Since it is spherical, any part of it will match the curve needed, since the ground station dish was only part of a sphere. “You can still see his drawn mold lines,” Stetson added. “That gave us a way to get a spherical shape very cheaply.” This clever trick alone saved an enormous amount of time and money.
The older big companies that used to dominate the aerospace industry would never have permitted such tricks. The excuses will all sound familiar: “Too risky! It doesn’t follow our standard procedures! What if it doesn’t work?!” Moreover, as they generally worked on cost-plus contracts, saving money or time went against company policy. Taking longer and costing more were both features, not bugs.
Freefall instead needed to get the job done on time and at an affordable price, and went ahead anyway. The result is a success that will not only benefit Freefall, but its customers.

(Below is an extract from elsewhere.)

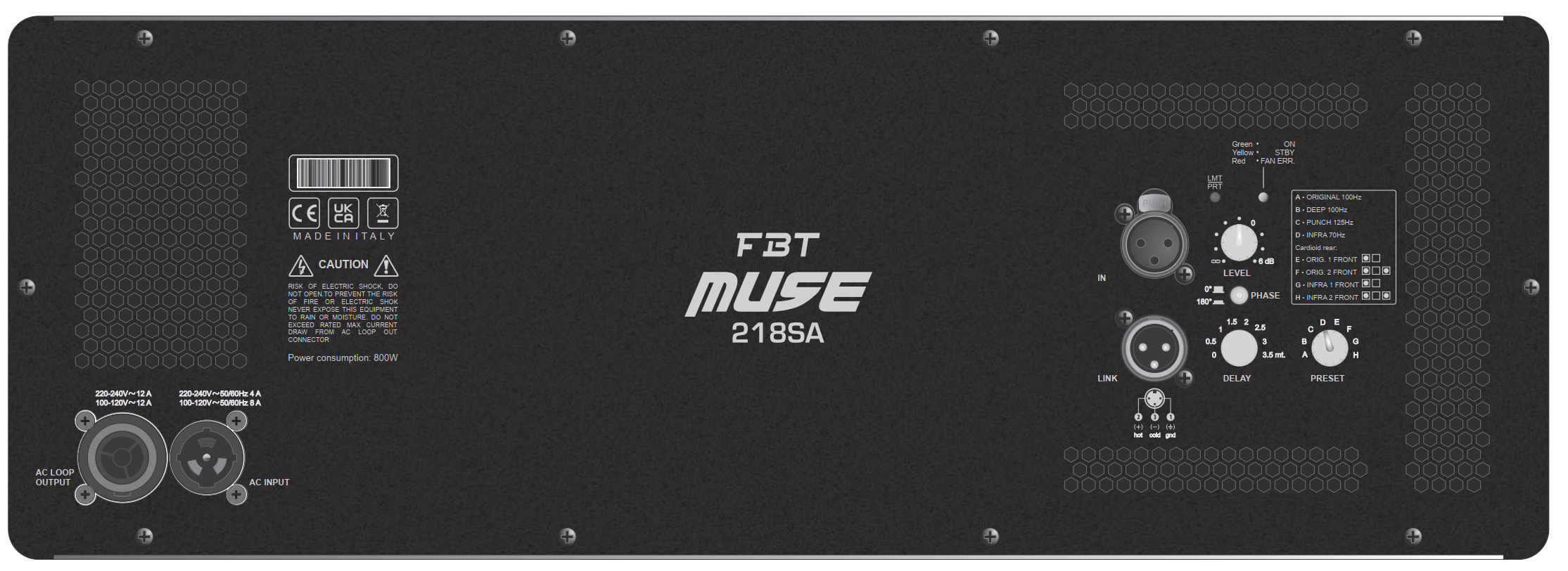 Оснащение MUSE 218SA. Два (2) динамика: НЧ-вуферы диаметром восемнадцать дюймов (18") со звуковой катушкой 3,5" (B&C) и неодимовым магнитом. Встроенный усилитель с топологией класса D обладает мощностью RMS 4000 Вт (пиковая 8000 Вт). Цифровой процессор обработки звука DSP с восемью пресетами; возможна регулировка громкости и задержки, есть переключатели фазы и GRND switch. Коннекторы: XLR In/Out.
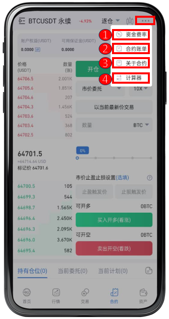 步骤 1 :登入手机APP,【 点击 】右下方合约图标。

As more freedom and competition is brought back into the aerospace industry, such things will become more and more common. For the new companies like Freefall, it will be par for the course. For the older, traditional big space companies, the challenge will be to change, or die. Some of these larger companies, such as Lockheed Martin, seem to be seeking out ways to make this change. Others, like Boeing, seem mired in the old ways of doing business, and thus might simply not survive this new competition.
Regardless, the future indeed does look bright for the exploration of space. Freedom and capitalism is finally being allowed to make it affordable.
And for Freefall, the big test for its future will take place early next year, when CatSat reaches orbit and the company’s engineers order it to deploy the antenna. If that antenna works as promised, the company will then be poised to become a major player in the future of space communications.